The Installation of Captain Rock is an 1834 genre painting by the Irish artist Daniel Maclise. It depicts a ceremony featuring the appointment of the legendary agrarian outlaw leader Captain Rock by his followers. At a time of growing rural unrest across Ireland and Britain, imaginary figures such as Rock and Captain Swing had become popular icons. In 1824 Thomas Moore had published the fictitious Memoirs of Captain Rock.

Maclise was a Cork-born artist who settled in England and produced notable history paintings such as The Death of Nelson. As well as themes from England such as Robin Hood and His Merry Men he also produced works based on Irish history such as The Marriage of Strongbow and Aoife. The painting has a Hogarthian element to it, featuring stock characters of the Irish peasant, but several figures are portrayed with more dignity.

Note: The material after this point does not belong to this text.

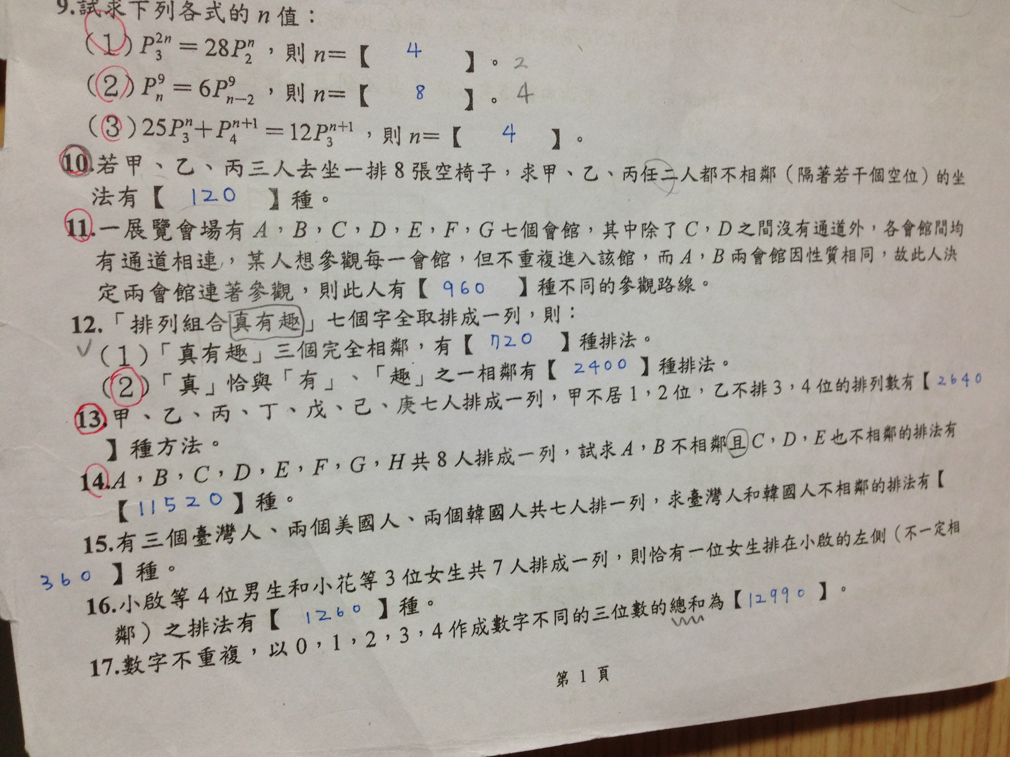 高中 /數學 排列、組合
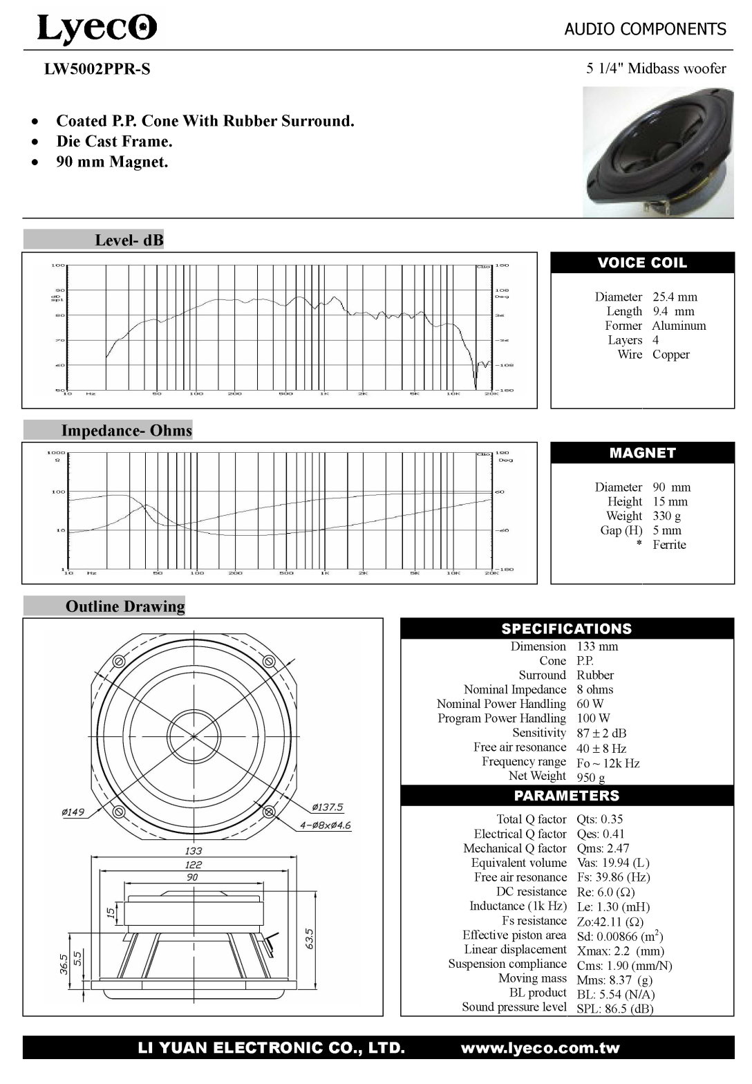 ウーファーLW5002PPR-Sの能率(出力音圧レベル:英文ではSensitivity)は87dB/m/w(2.83V )になっている。

The painting was displayed at the Royal Academy Exhibition of 1834 at Somerset House in London. Maclise retouched it in 1843, allegedly in response to criticism that it was too sympathetic to its subject. Today it is in a private collection.

==Bibliography==
- Donnelly, James S. Captain Rock:The Irish Agrarian Rebellion of 1821–1824. University of Wisconsin Press, 2009.
- Murray, Peter. Daniel Maclise, 1806-1870: Romancing the Past. University of Michigan, 2008.
- Nolan, Emer. Catholic Emancipations: Irish Fiction from Thomas Moore to James Joyce. Syracuse University Press, 2017.
- Weston, Nancy. Daniel Maclise: Irish Artist in Victorian London. Four Courts Press, 2001.